## [What you have to do]
Using the listing below, copy exactly each line from the one that has "We didn’t just" through the one that has "Former Anambra State"; omit the pictures.

## [Material for this exercise]
[Start of section]

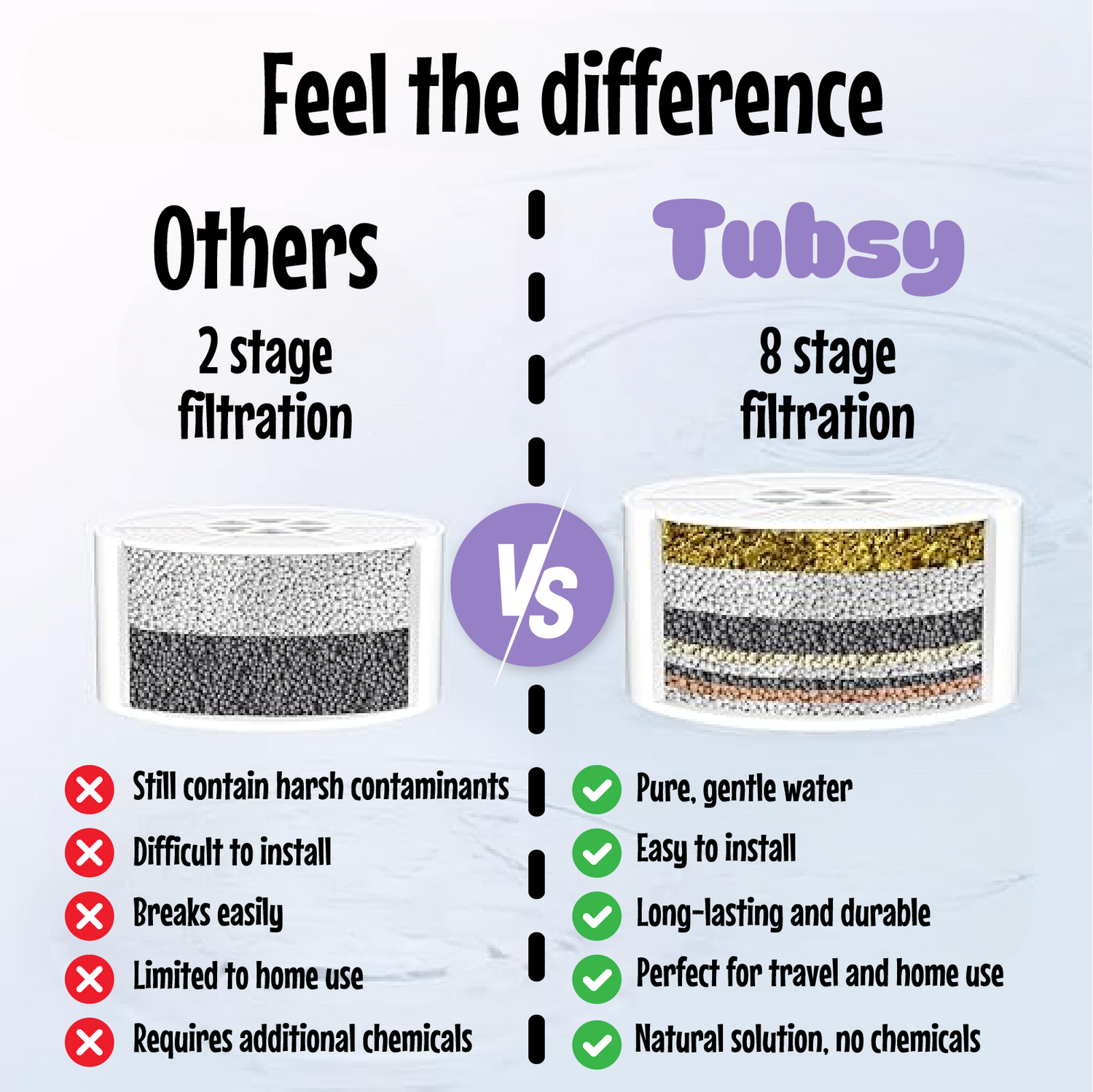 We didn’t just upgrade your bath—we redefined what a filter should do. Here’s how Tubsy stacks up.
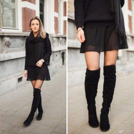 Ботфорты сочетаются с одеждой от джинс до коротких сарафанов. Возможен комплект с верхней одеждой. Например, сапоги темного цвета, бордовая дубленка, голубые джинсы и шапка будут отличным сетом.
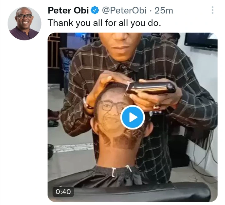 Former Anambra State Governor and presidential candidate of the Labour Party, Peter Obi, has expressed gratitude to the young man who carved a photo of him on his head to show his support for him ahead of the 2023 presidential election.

[End of section]
[Start of section]

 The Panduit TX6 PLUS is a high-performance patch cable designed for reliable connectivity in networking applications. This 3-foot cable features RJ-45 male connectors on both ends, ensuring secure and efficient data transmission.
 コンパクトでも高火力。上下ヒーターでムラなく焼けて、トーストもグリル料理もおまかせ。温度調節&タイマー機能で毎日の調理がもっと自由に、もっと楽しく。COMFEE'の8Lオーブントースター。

[End of section]

## [Written answer]
 We didn’t just upgrade your bath—we redefined what a filter should do. Here’s how Tubsy stacks up.
 Ботфорты сочетаются с одеждой от джинс до коротких сарафанов. Возможен комплект с верхней одеждой. Например, сапоги темного цвета, бордовая дубленка, голубые джинсы и шапка будут отличным сетом.
 Former Anambra State Governor and presidential candidate of the Labour Party, Peter Obi, has expressed gratitude to the young man who carved a photo of him on his head to show his support for him ahead of the 2023 presidential election.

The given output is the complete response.